Currently the way most CPU manufacturers improve performance within a CPU family is by increasing clock speed and cache sizes. In the case of our hypothetical CPU, doing either or both of those things would improve performance but we're still not using the CPU's full potential. If there was a way for us to execute multiple threads at once we could make more efficient use of the CPU's resources; this is exactly what Intel's Hyper-Threading technology does.

Hyper-Threading is the marketing name applied to a technology that has been around outside of the x86 realm for a little while now - Simultaneous Multi-Threading (SMT). The idea behind SMT is simple; the single physical CPU appears to the OS as two logical processors but the OS does not see any difference between one SMT CPU and two regular CPUs. In both cases the OS dispatches two threads to the "two" CPUs and the hardware takes it from there.

In a Hyper-Threading enabled CPU, each logical processor has its own set of registers (including a separate PC) but in order to minimize the complexity of the technology, Intel's Hyper-Threading does not attempt to simultaneously fetch/decode instructions corresponding to two threads. Instead, the CPU will alternate the fetch/decode stages between the two logical CPUs and only attempt to execute operations from two threads simultaneously thus addressing the problem of poor execution unit utilization.

Hyper-Threading was officially announced at the Intel Developer Forum last fall and it was demonstrated running on a Xeon processor performing a Maya rendering task.
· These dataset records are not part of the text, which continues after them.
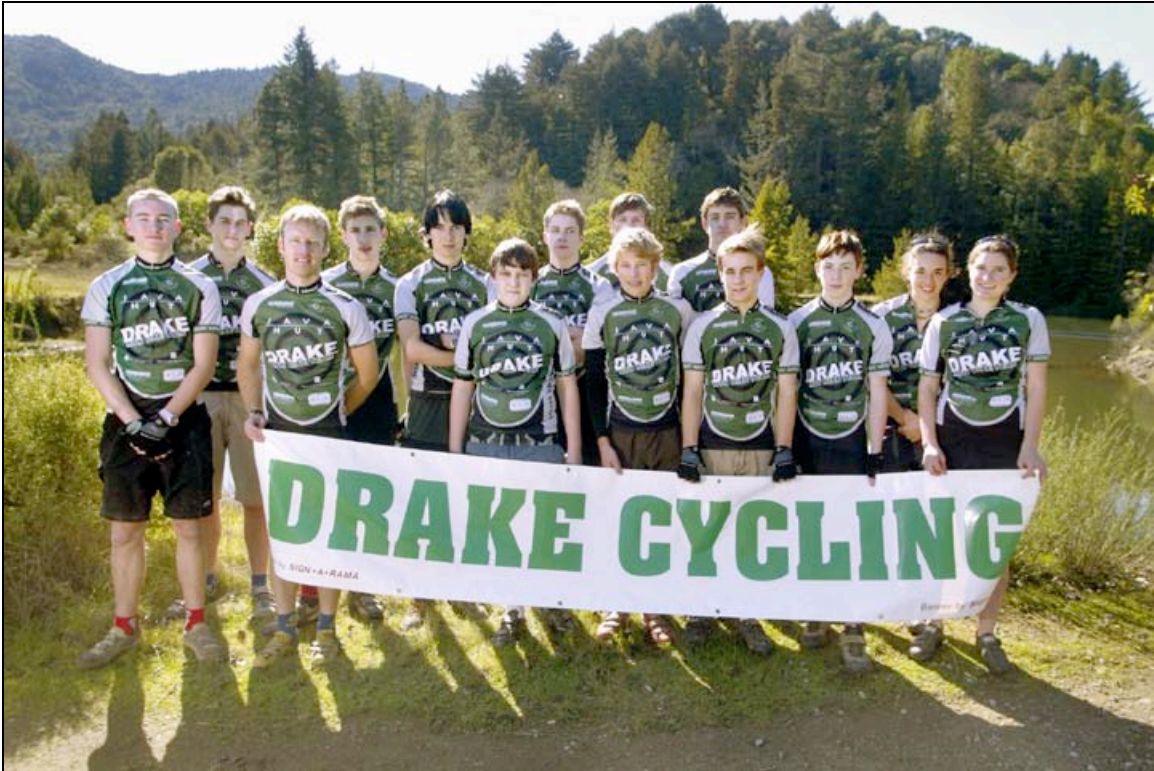
The 2004 Drake High School Mountain Bike Team

Proposal for Cannondale Bicycles – 3/2004
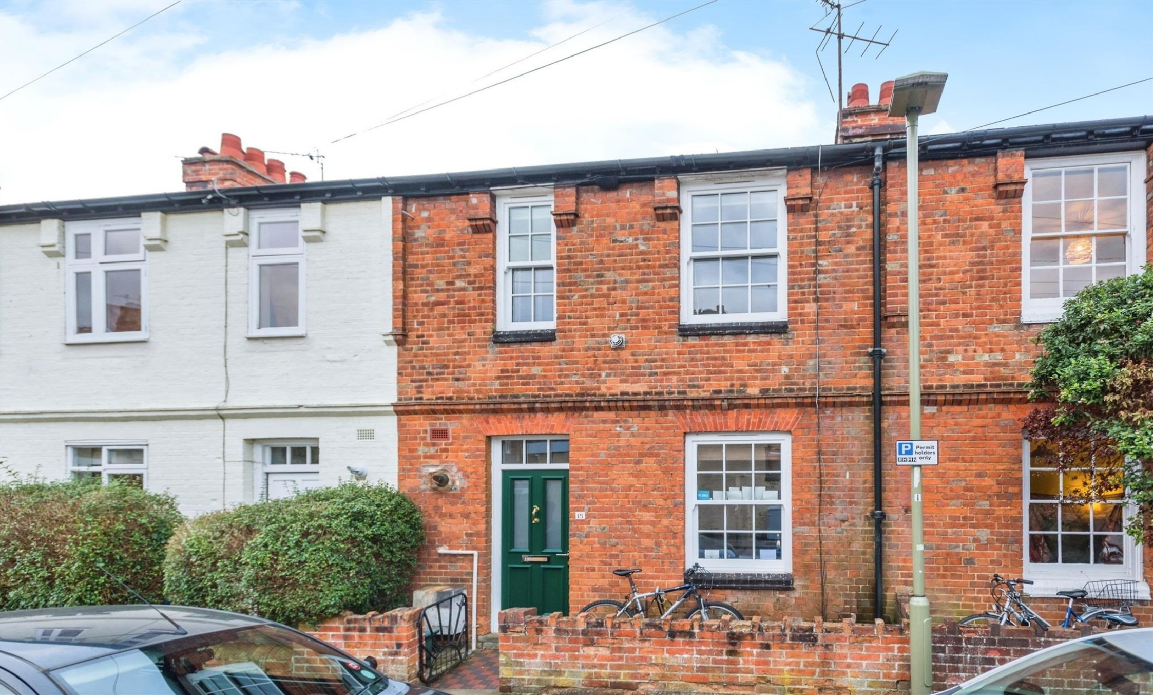
Barnet Street, OXFORD OX4 3AN
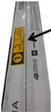
Carton top surface

1) Set-up Guide can be found inside top carton flap:

In that test the single Xeon with Hyper-Threading enabled was 30% faster than a regular Xeon CPU. The performance benefits were definitely impressive and even more exciting was the unspoken fact that Hyper-Threading is actually present on all Pentium 4 and Xeon cores; it is simply disabled.

The technology has not officially been debuted on a CPU yet however those that have purchased the new 0.13-micron Xeon processors and used them on boards with updated BIOSes may have been surprised with an interesting option - to enable/disable Hyper-Threading.

For now, Intel will be leaving Hyper-Threading disabled by default but all that is necessary in order to enable Hyper-Threading is the presence of a BIOS option to control it. This is only for the workstation/server side of things, for the desktop market there won't be any official mention of Hyper-Threading in the near future although it may be possible for a motherboard manufacturer to enable control via a special BIOS.

But the real question is why would Intel want to leave this performance-enhancing feature disabled?

Understanding Hyper-Threading: It's not a perfect world

Remember those two threads from our earlier example? Let's now assume that our simple CPU features Intel's Hyper-Threading technology and see what happens when we try and simultaneously execute those two threads:

Just as before, the blue boxes indicate that an instruction from thread 1 is being executed while the green boxes indicate than an instruction from thread 2 is being executed. Gray boxes indicate an unused execution unit while the red boxes indicate a conflict where two instructions are attempting to be fed to the same execution unit.

All of the sudden our quest for tender love and parallelism (TLP) has been rewarded with less utilization of our execution resources. Instead of being able to execute both threads in parallel, our CPU will now execute both threads much slower than a non Hyper-Threaded processor would. The reason behind this is actually quite simple; we were attempting to simultaneously execute two very similar threads, both consisted of ADDs, loads and stores. Had we been running a floating point intensive application alongside whatever integer application we were using then we'd be in a much better situation. The real question is, what is more characteristic of the way we use our PCs?

Currently, the way most desktop users use their PCs is much like the example we gave at the beginning of this section where the CPU is given very similar operations to execute. The unfortunate reality here is that with very similar operations there comes additional overhead in managing and dealing with what happens when you run out of one type of execution unit and have twice as many instructions requiring its use. In the majority of cases, if you were to enable Hyper-Threading on a desktop PC you would not see a performance increase, rather a 0 - 10% decrease in performance.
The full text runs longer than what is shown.